The Suitable Way to Handle Imbalanced Datasets in an Organization
Tips to organize imbalanced datasets.
Resample the training set
Apart from using different evaluation criteria, one can also work on getting a different dataset. Two approaches to make a balanced dataset out of an Imbalanced datasets one are under-sampling and oversampling.
Under-sampling balances the dataset by reducing the size of the abundant class. This method is used when the quantity of data is sufficient. By keeping all samples in the rare class and randomly selecting an equal number of samples in the abundant class, a balanced new dataset can be retrieved for further modelling.

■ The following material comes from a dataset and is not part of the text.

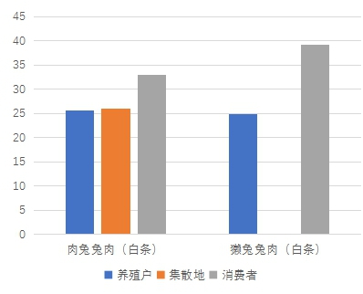 [1]平均各地消費(fèi)價格的時候,由于福建省的兔肉均為黃兔和黑兔肉,價格比全國其他地方高出很多,實際計算時未將其計算在內(nèi)。

On the contrary, oversampling is used when the quantity of data is insufficient. It tries to Imbalanced datasets the dataset by increasing the size of rare samples. Rather than getting rid of abundant samples, new rare samples are generated by using e.g., repetition, bootstrapping or SMOTE (Synthetic Minority Over-Sampling Technique).
Use K-fold Cross-Validation in the right way
It is noteworthy that cross-validation should be applied properly while using an over-sampling method to address Imbalanced datasets problems. Keep in mind that over-sampling takes observed rare samples and applies bootstrapping to generate new random data based on a distribution function. If cross-validation is applied after over-sampling, basically what we are doing is overfitting our model to a specific artificial bootstrapping result. That is why cross-validation should always be done before over-sampling the data, just as how feature selection should be implemented. Only by resampling the data repeatedly, randomness can be introduced into the Imbalanced datasets to make sure that there won’t be an overfitting problem.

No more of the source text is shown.